> Problem to solve:
Retype the entries exactly; omit all pictures.

--- Provided data Enclosed Below ---

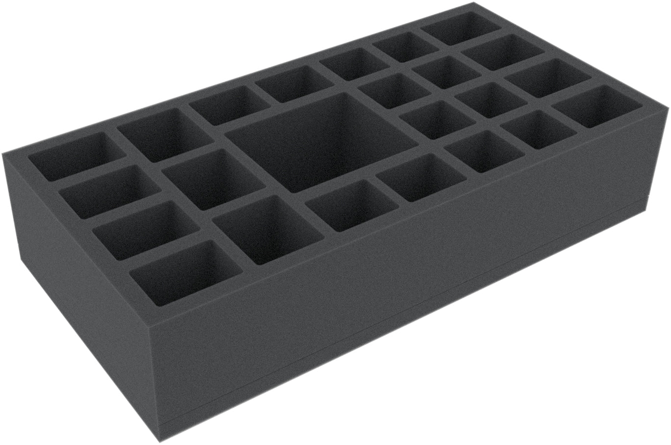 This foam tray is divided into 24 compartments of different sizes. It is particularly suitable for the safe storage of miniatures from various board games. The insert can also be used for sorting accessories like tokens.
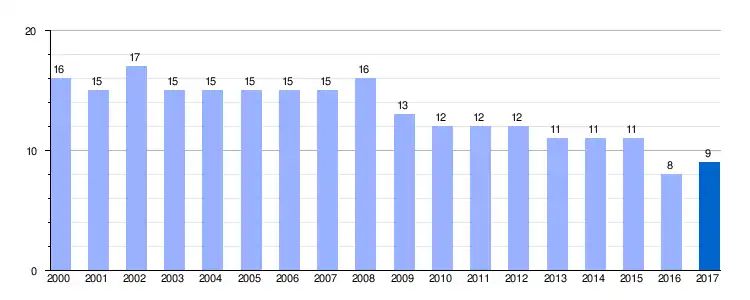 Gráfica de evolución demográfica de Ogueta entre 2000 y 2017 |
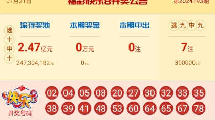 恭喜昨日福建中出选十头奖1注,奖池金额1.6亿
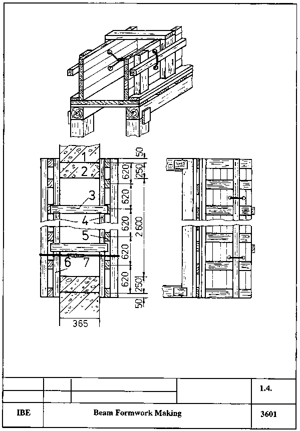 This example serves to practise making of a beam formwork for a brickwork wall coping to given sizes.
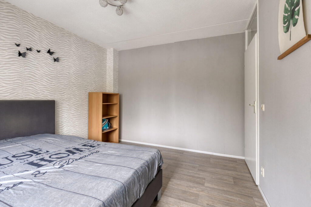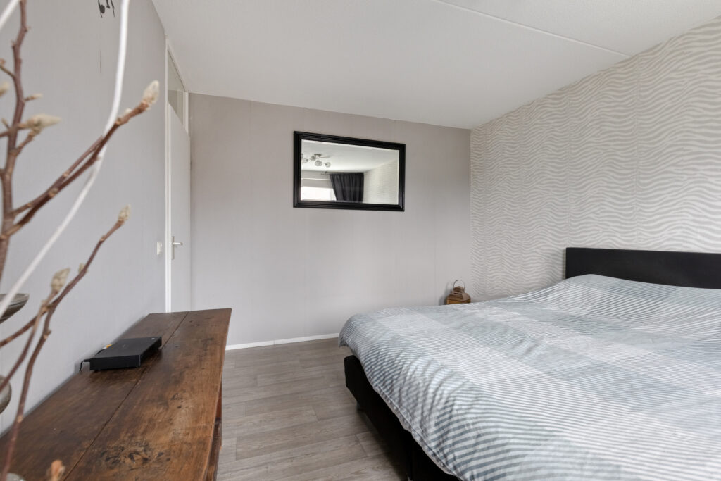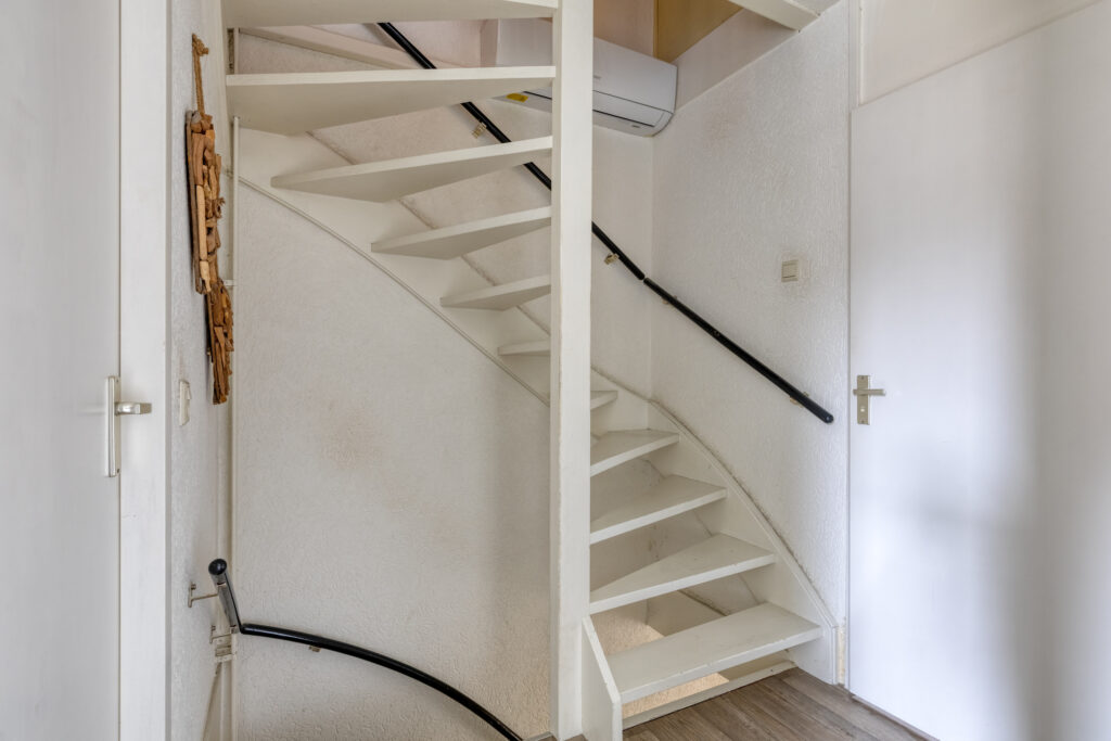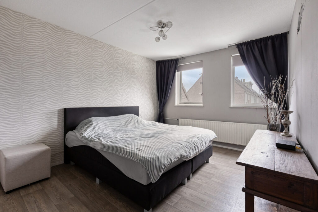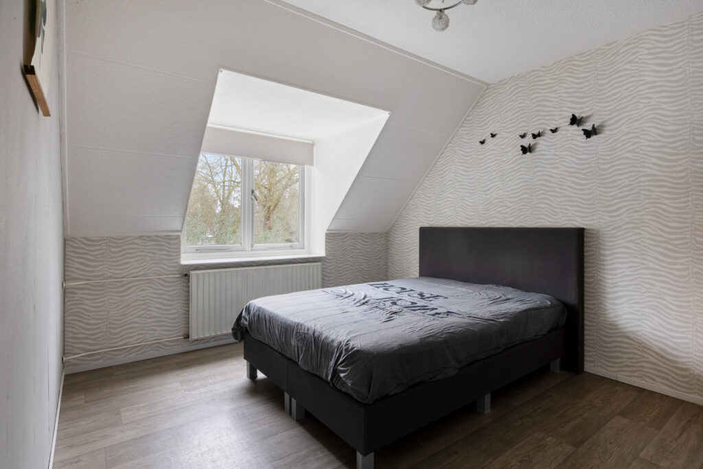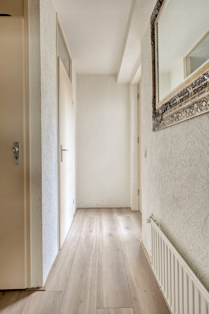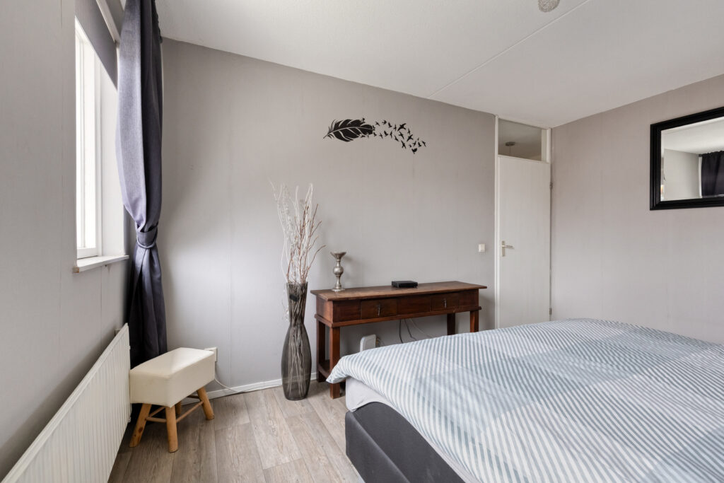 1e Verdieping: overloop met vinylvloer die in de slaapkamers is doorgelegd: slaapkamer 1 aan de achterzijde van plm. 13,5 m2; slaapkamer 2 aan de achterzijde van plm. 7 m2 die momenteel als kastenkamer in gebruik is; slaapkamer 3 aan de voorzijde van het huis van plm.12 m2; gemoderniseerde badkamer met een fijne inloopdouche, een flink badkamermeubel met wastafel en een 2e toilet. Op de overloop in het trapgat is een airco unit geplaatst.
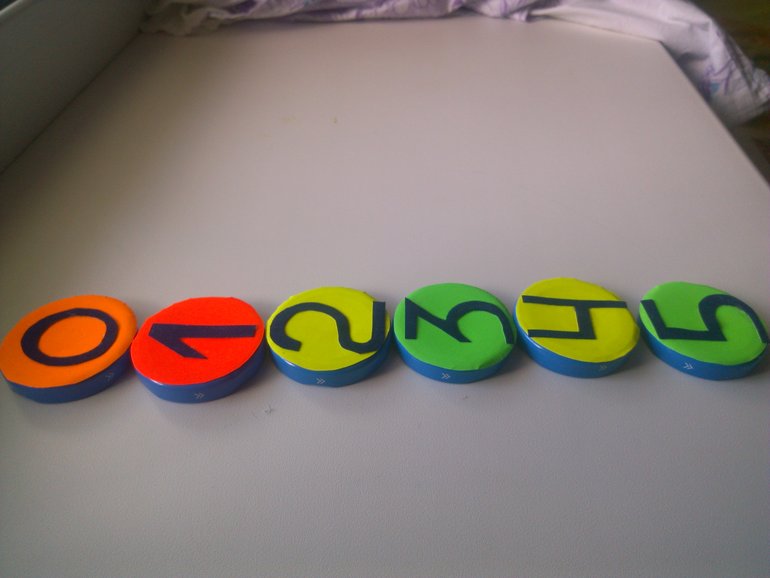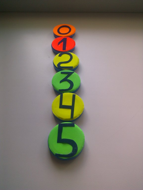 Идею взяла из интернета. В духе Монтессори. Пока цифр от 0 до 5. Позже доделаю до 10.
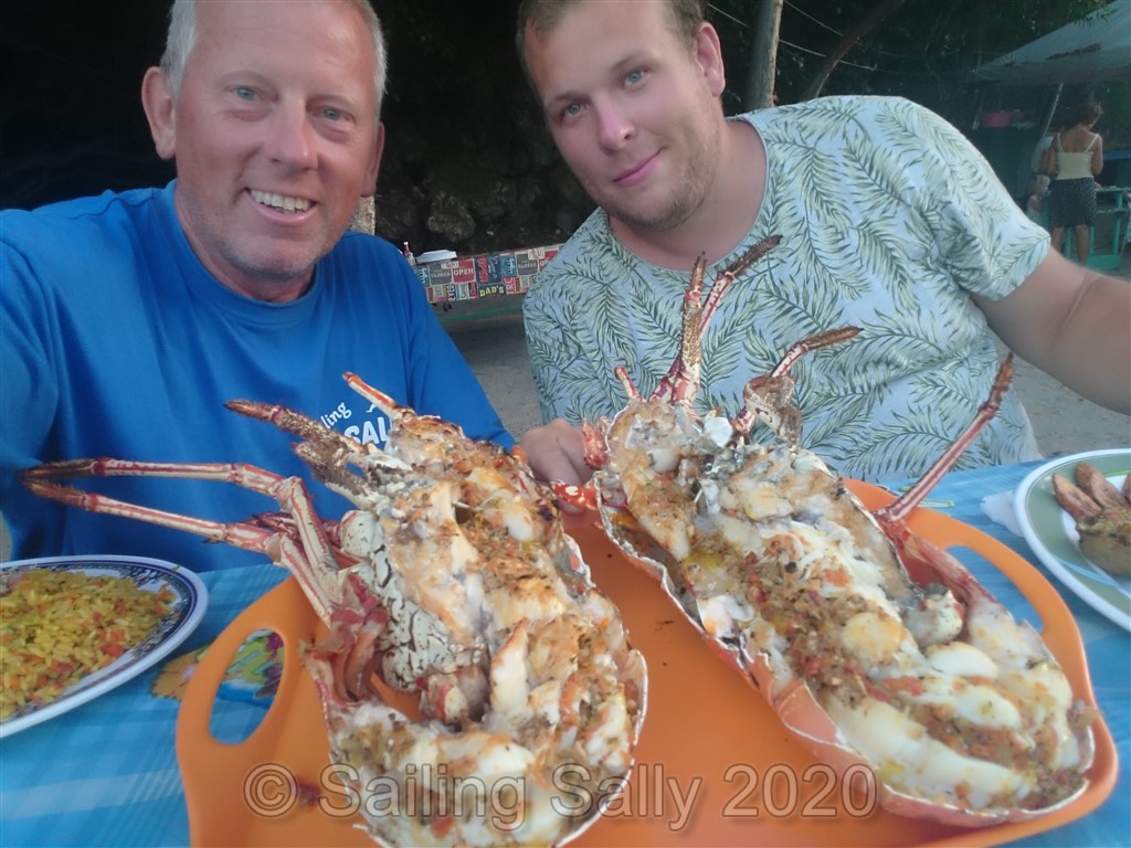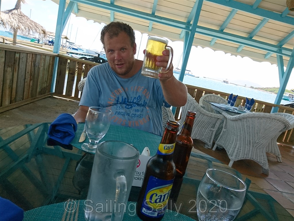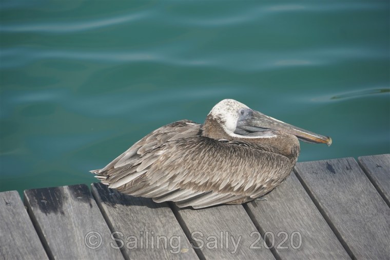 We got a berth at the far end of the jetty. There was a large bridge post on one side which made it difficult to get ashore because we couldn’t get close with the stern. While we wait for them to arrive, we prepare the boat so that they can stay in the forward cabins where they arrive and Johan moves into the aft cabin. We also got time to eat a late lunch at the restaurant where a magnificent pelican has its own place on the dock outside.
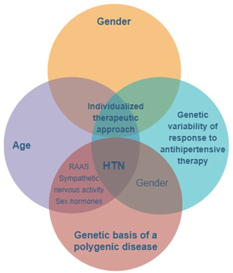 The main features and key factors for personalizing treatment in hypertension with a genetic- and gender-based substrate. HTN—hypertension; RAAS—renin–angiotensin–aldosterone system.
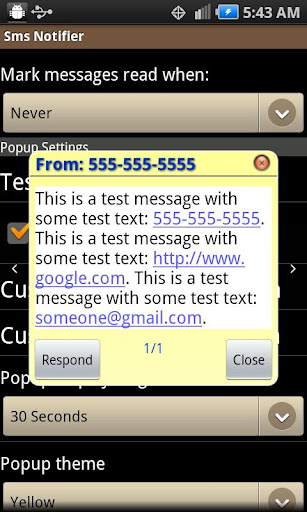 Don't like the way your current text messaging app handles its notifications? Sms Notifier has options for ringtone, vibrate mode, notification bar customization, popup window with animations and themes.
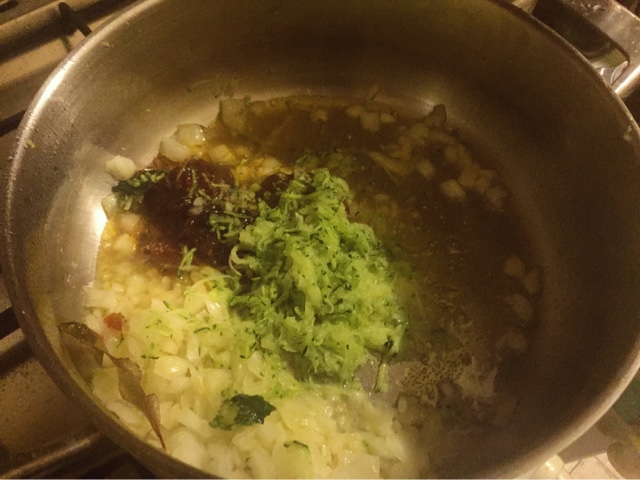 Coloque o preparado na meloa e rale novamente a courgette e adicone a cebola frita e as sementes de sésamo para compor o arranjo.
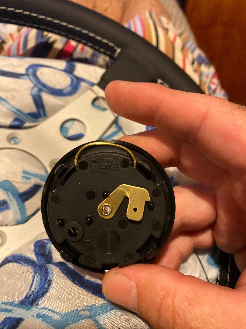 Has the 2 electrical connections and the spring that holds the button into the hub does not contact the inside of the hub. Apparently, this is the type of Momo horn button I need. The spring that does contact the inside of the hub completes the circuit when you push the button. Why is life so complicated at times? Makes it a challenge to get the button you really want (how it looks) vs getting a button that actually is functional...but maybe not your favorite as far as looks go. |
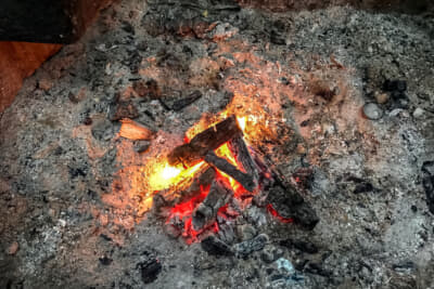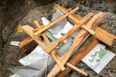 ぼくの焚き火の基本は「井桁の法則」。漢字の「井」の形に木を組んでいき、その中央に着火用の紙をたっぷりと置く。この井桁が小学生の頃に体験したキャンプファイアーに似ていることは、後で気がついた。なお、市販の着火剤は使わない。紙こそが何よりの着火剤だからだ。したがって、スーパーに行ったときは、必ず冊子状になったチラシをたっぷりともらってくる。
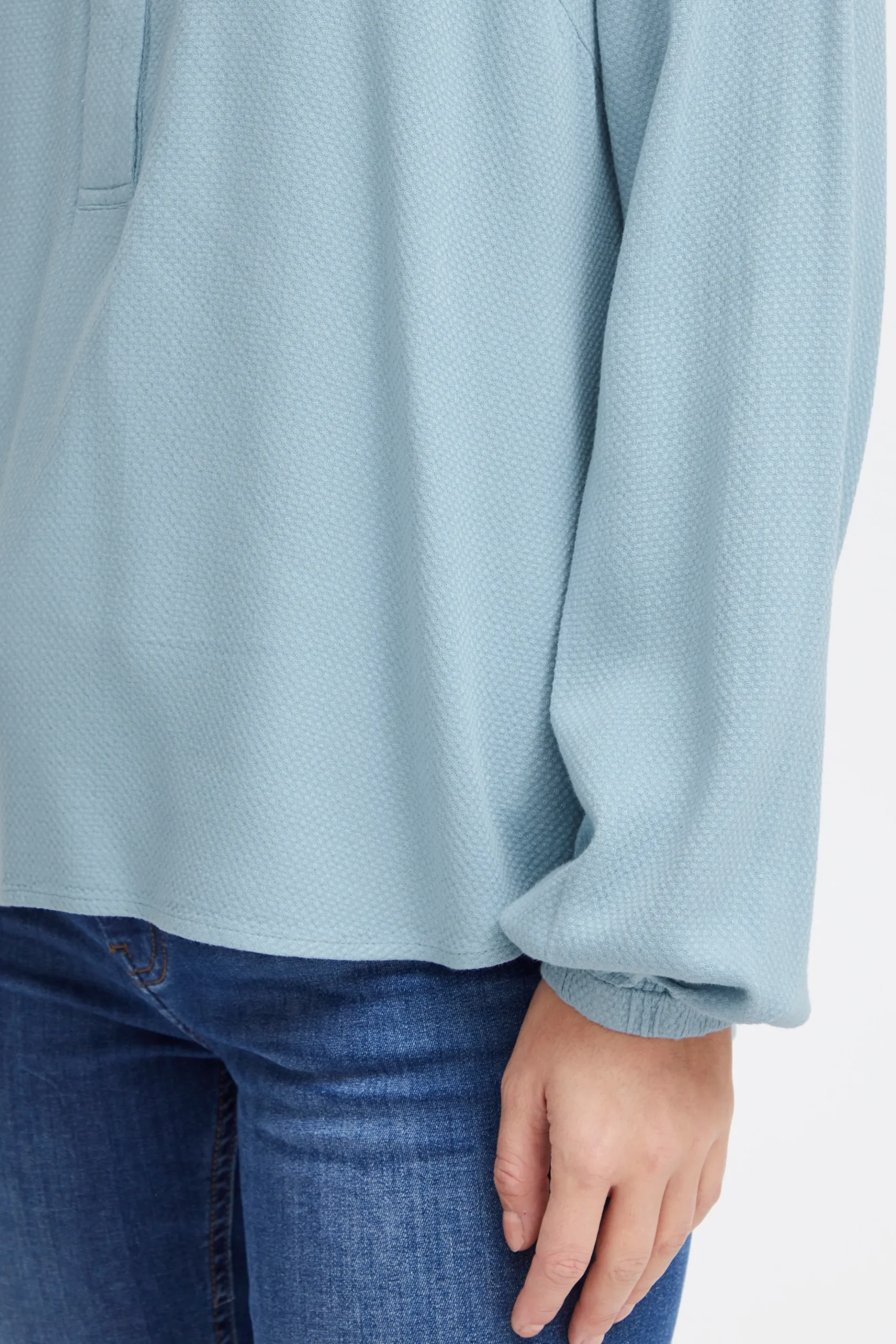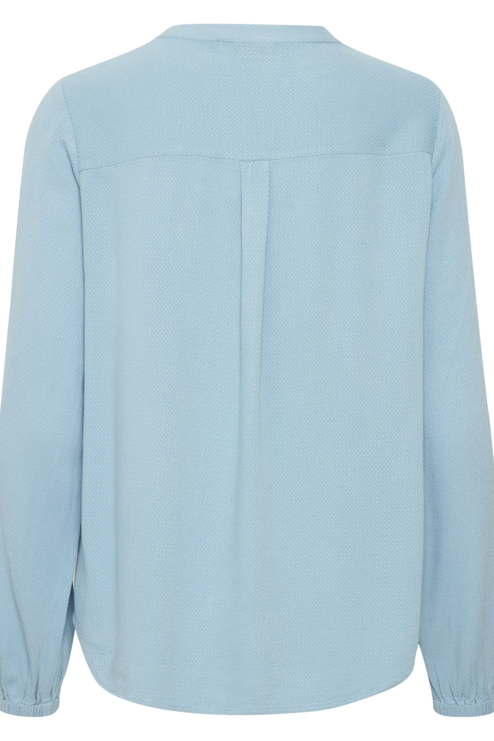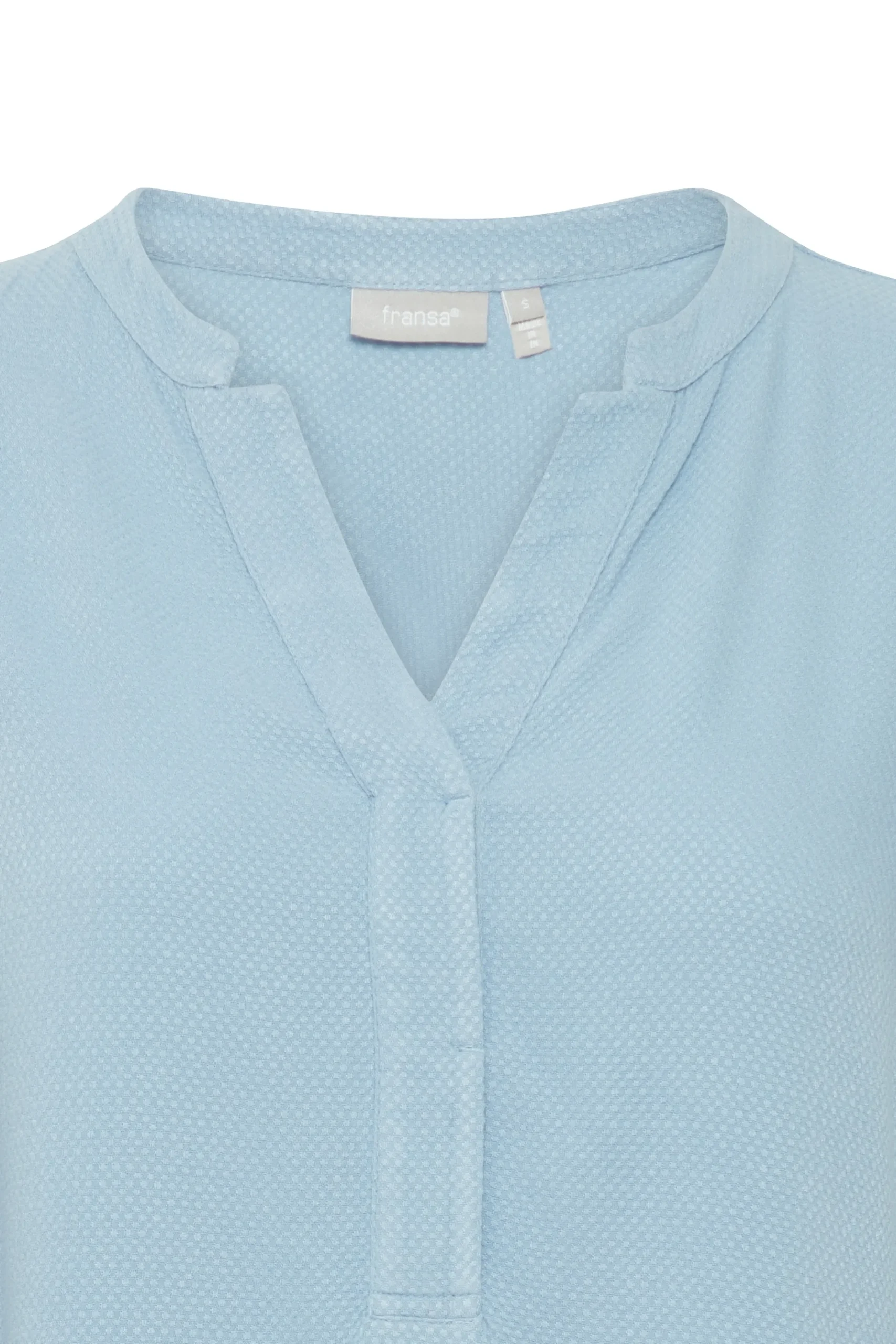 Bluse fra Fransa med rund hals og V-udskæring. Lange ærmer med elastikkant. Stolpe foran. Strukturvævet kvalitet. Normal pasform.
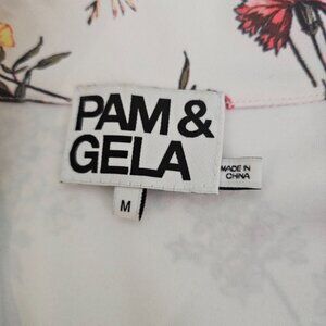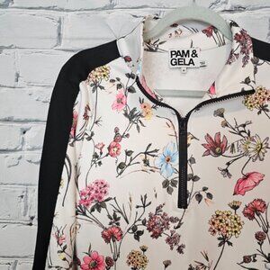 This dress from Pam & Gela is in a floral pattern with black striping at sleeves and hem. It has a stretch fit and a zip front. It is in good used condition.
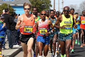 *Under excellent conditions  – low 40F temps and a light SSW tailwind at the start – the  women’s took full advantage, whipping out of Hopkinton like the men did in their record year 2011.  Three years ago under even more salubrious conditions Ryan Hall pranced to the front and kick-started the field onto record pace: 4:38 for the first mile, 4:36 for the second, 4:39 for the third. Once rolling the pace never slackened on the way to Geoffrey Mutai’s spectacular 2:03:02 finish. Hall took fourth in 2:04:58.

--- End of Enclosed Provided data ---

> Task output:
 This foam tray is divided into 24 compartments of different sizes. It is particularly suitable for the safe storage of miniatures from various board games. The insert can also be used for sorting accessories like tokens.
 Gráfica de evolución demográfica de Ogueta entre 2000 y 2017 |
 恭喜昨日福建中出选十头奖1注,奖池金额1.6亿
 This example serves to practise making of a beam formwork for a brickwork wall coping to given sizes.
 1e Verdieping: overloop met vinylvloer die in de slaapkamers is doorgelegd: slaapkamer 1 aan de achterzijde van plm. 13,5 m2; slaapkamer 2 aan de achterzijde van plm. 7 m2 die momenteel als kastenkamer in gebruik is; slaapkamer 3 aan de voorzijde van het huis van plm.12 m2; gemoderniseerde badkamer met een fijne inloopdouche, een flink badkamermeubel met wastafel en een 2e toilet. Op de overloop in het trapgat is een airco unit geplaatst.
 Идею взяла из интернета. В духе Монтессори. Пока цифр от 0 до 5. Позже доделаю до 10.
 We got a berth at the far end of the jetty. There was a large bridge post on one side which made it difficult to get ashore because we couldn’t get close with the stern. While we wait for them to arrive, we prepare the boat so that they can stay in the forward cabins where they arrive and Johan moves into the aft cabin. We also got time to eat a late lunch at the restaurant where a magnificent pelican has its own place on the dock outside.
 The main features and key factors for personalizing treatment in hypertension with a genetic- and gender-based substrate. HTN—hypertension; RAAS—renin–angiotensin–aldosterone system.
 Don't like the way your current text messaging app handles its notifications? Sms Notifier has options for ringtone, vibrate mode, notification bar customization, popup window with animations and themes.
 Coloque o preparado na meloa e rale novamente a courgette e adicone a cebola frita e as sementes de sésamo para compor o arranjo.
 Has the 2 electrical connections and the spring that holds the button into the hub does not contact the inside of the hub. Apparently, this is the type of Momo horn button I need. The spring that does contact the inside of the hub completes the circuit when you push the button. Why is life so complicated at times? Makes it a challenge to get the button you really want (how it looks) vs getting a button that actually is functional...but maybe not your favorite as far as looks go. |
 ぼくの焚き火の基本は「井桁の法則」。漢字の「井」の形に木を組んでいき、その中央に着火用の紙をたっぷりと置く。この井桁が小学生の頃に体験したキャンプファイアーに似ていることは、後で気がついた。なお、市販の着火剤は使わない。紙こそが何よりの着火剤だからだ。したがって、スーパーに行ったときは、必ず冊子状になったチラシをたっぷりともらってくる。
 Bluse fra Fransa med rund hals og V-udskæring. Lange ærmer med elastikkant. Stolpe foran. Strukturvævet kvalitet. Normal pasform.
 This dress from Pam & Gela is in a floral pattern with black striping at sleeves and hem. It has a stretch fit and a zip front. It is in good used condition.
 *Under excellent conditions  – low 40F temps and a light SSW tailwind at the start – the  women’s took full advantage, whipping out of Hopkinton like the men did in their record year 2011.  Three years ago under even more salubrious conditions Ryan Hall pranced to the front and kick-started the field onto record pace: 4:38 for the first mile, 4:36 for the second, 4:39 for the third. Once rolling the pace never slackened on the way to Geoffrey Mutai’s spectacular 2:03:02 finish. Hall took fourth in 2:04:58.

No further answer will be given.